# Musical question



## hapiper (Mar 2, 2015)

I notice that in the lists of recommended music in string concerto's, at the bottom is a piece by Beethoven called a Violin Romance. Excuse my ignorance but what is a Romance? How is that different than or the same as a concerto?


----------



## KenOC (Mar 7, 2011)

I think Beethoven more or less invented the "romance," of which he wrote two. It would seem to be a one-movement piece of a leisurely and "romantic" character. Concertos of the time typically had three movements, generally fast-slow-fast.

I can't offhand think of any romances (named exactly that) for violin and orchestra besides Beethoven's, but there may well be some. (Added: I see that Dvorak, at least, wrote one.)


----------



## Weston (Jul 11, 2008)

There are romances for cello etc. too. Here is one of my favorites.

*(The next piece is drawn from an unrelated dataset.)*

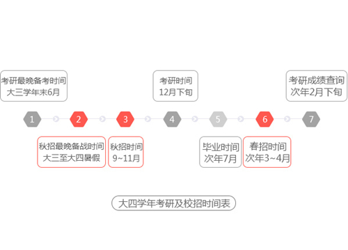 考生(sheng)通常會(hui)在大(da)(da)三開(kai)學(xue)的(de)7月(yue)(yue)份時(shi)開(kai)始關(guan)注(zhu)考研,備(bei)考越(yue)早當然越(yue)好(hao),但(dan)最晚也會(hui)在大(da)(da)三期末前的(de)6月(yue)(yue)份著手準備(bei)。即使如此(ci),到年(nian)底12月(yue)(yue)中旬的(de)初(chu)試(shi)(shi)也有整(zheng)(zheng)整(zheng)(zheng)六個(ge)月(yue)(yue)時(shi)間。這期間,由高校和(he)各企業聯合舉辦(ban)(ban)的(de)秋(qiu)季校園招聘會(hui)將(jiang)在大(da)(da)四9月(yue)(yue)份開(kai)學(xue)后舉辦(ban)(ban),持續兩到三個(ge)月(yue)(yue),為不(bu)考研的(de)同學(xue)提供充足(zu)的(de)時(shi)間選擇和(he)面試(shi)(shi)。

LEÓ WEINER_Romance for cello harp and string orchestra

I confess I'm not sure how to define a Romance either. I just think of them wistful fantasias featuring a solo instrument.


----------



## brotagonist (Jul 11, 2013)

I think that the romance is the same thing as the impromptu, capriccio, rhapsody or fantasy. It goes by a few different names and is a free-form piece that doesn't have to follow sonata-allegro or any other form.


----------